There is a simple, modern solution that new firms are increasingly adopting – let employees behave like normal human beings! Do not create conditions that impel employees to be two different persons at work and outside of work. Normal human behaviour happens spontaneously in companies such as Virgin, First Direct, Southwest Airlines and Google. It is not difficult. It is not about creating some special code. It is about not suppressing the rich potential of the human being. It is about recognizing that too much management hinders the potential of the individual and confines us to expensive, growth-limiting rituals.

In Chapters 9, 10 and 11 we mentioned some of the deep elements in human nature that increasingly drive customers’ behaviour – the ‘dissatisfaction inside’, the need for freedom and the need for belonging. But what is important for the modern customer is also important for the modern employee. Let the best come out of human nature by helping employees to satisfy these higher needs and unleash their frustrated initiatives. In the end, internal momentum boils down to individuals and the choices they have to make every day. Momentum-powered firms achieve sustainability when employees contribute the wealth of their individuality and bring their initiatives to a common direction and culture.

Harness your people power

External momentum, centred on customers, is a key to achieving sustainable, profitable growth. To be successfully implemented, this external momentum must be complemented by an internal momentum that harnesses the organization’s potential energy. These are the guiding principles that we have identified.

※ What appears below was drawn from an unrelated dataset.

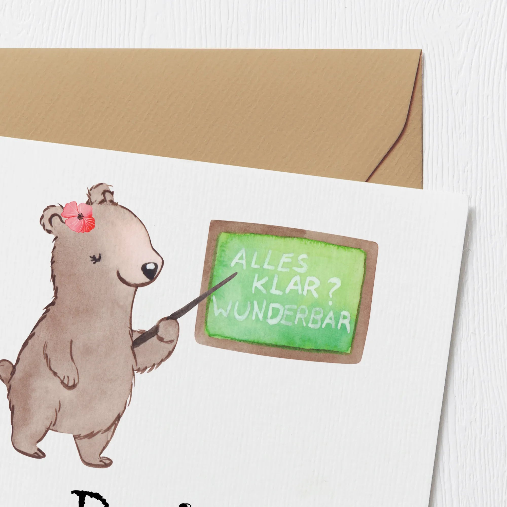 Mit dem liebevoll gestalteten Motiv einer niedlichen Bärendame, die vor einer Schultafel steht, verkörpert diese Karte die Leidenschaft und Hingabe, die eine Deutschlehrerin in ihrer Arbeit steckt.
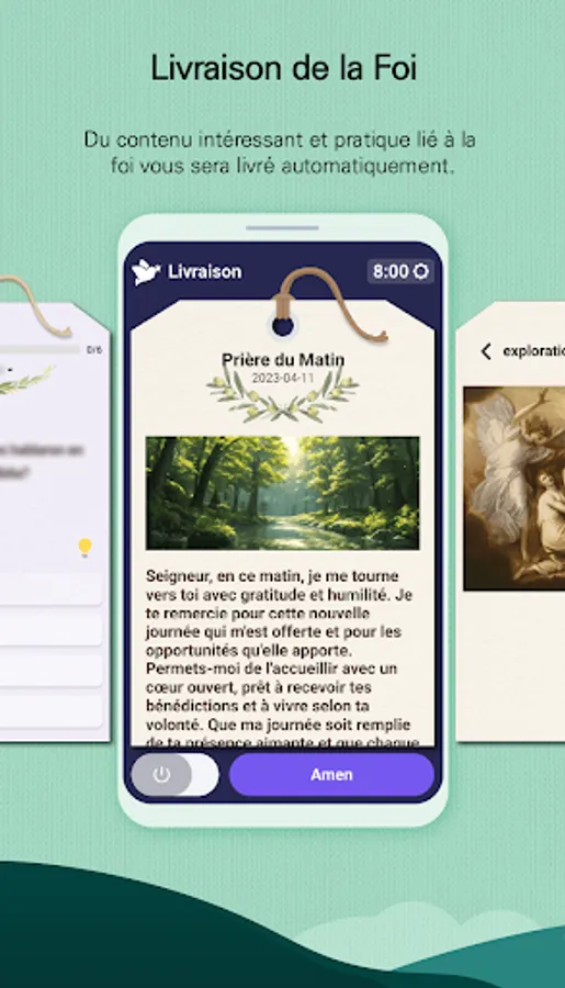 Through the "Delivery of Faith", you can receive various prayer topics every day and, at the same time, convey various thoughts and requests to God.

  • Most of the daily actions that build – or destroy – a firm’s future are the result of spontaneous behaviour, or reflexes, largely guided by a corporate culture.
  • Internal momentum can be created by following exactly the same eight-module approach as external momentum. From employee insights to the design of an employment power offer and on to employee engagement, a systematic approach can unveil numerous opportunities to help to motivate employees and create an internal momentum.
  • A momentum culture builds the required momentum reflexes. It is based on a winning ethos marked by two main components – the customer spirit is the realization that a firm’s future depends on its ability to win on the external battlefields, rather than the internal ones: the competitive spirit is about outsmarting one’s opposing counterparts, performing better than the three to five other people who have similar responsibilities in competing firms.
  • Sudden crises are the acid test of an organization’s reflexes and of its future. They can stop most firms’ momentum, but momentum-powered firms take advantage of crises to gain new insights and build a new momentum.
  • Constrained behaviour and constrained initiatives are the deadweights of momentum-deficient firms. Momentum-powered firms know how to get the best out of human nature by helping employees to satisfy their higher needs for self-expression, freedom and belonging.

This chapter has shown how a strong internal momentum and corporate culture contributes to sustainable, profitable growth by mobilizing employees to seize new opportunities and to have appropriate reflexes in times of crisis. The next chapter will top it all by presenting the requirements that the momentum paradigm places on leadership.